Marathon Asset Management, a global credit manager, closed MAST 2026 1, a $615 million aircraft securitization. MAST 2026 1 features a portfolio of 27 Airbus and Boeing narrowbody aircraft on operating leases with 18 different lessees. Lessees are domiciled across 15 countries, offering broad global geographic diversification with 41% of exposure in Europe, 29% in the Americas, 22% in Asia-Pacific and 8% in MENA. The portfolios weighted average age is approximately 9.5 years and weighted average remaining initial lease term is approximately 5.8 years.
“This transaction demonstrates the strength of our team, our deep experience in aircraft leasing investments, and the high quality of the underlying assets,” Joseph Thorstenson, managing director and head of Marathon’s aviation strategy, said. “As the global aviation industry continues to experience strong travel demand alongside a shortage of the most in-demand aircraft, we remain focused on identifying attractive investment opportunities in the sector and delivering sustained, long-term value for our investors.”

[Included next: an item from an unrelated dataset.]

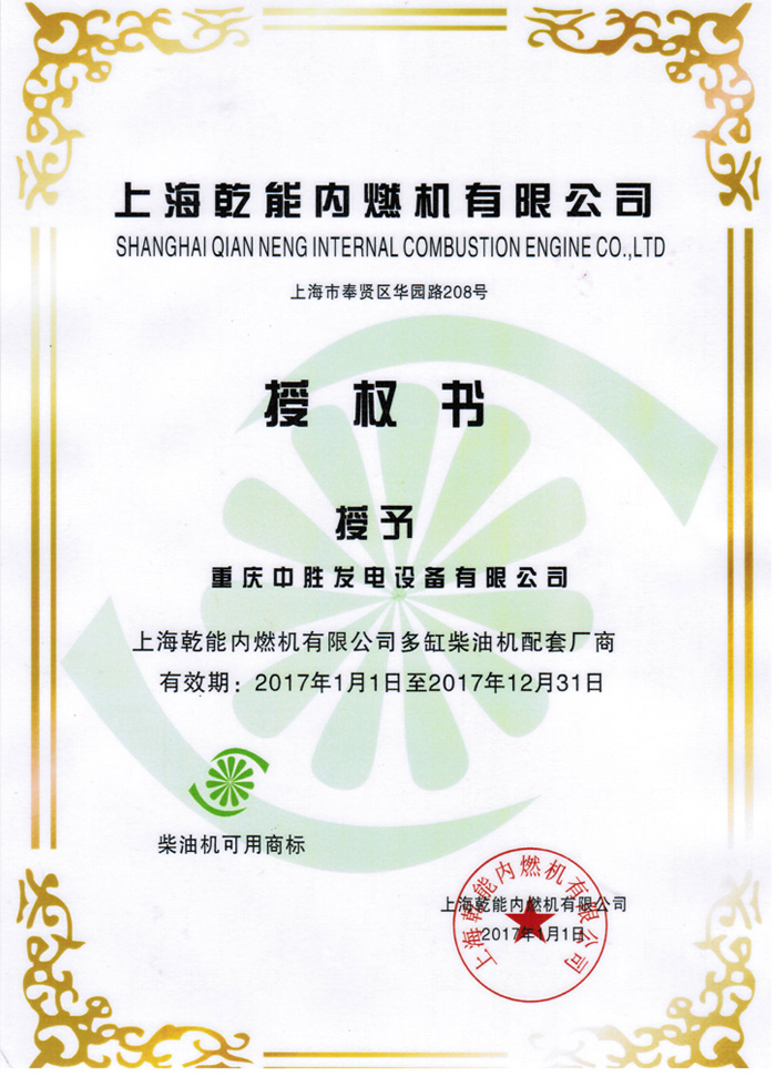 上海乾能授权证书

Ed Cong, co-head of asset-based lending at Marathon, said, “Marathon’s leadership in asset-based lending stems from our rigorous approach to originating investments secured by mission-critical assets across a diversified range of strategies, including Global Transportation — spanning aviation, maritime, and on-ground logistics. MAST 2026-1 reflects the depth of our aviation expertise, established through decades of investing success and our expertise in structuring innovative financing solutions.”
This issuance was structured with a senior tranche of investment grade debt, A rated by both Kroll Bond Rating Agency and Fitch Ratings. Funds advised by Marathon will retain the non-senior tranches of the securitization.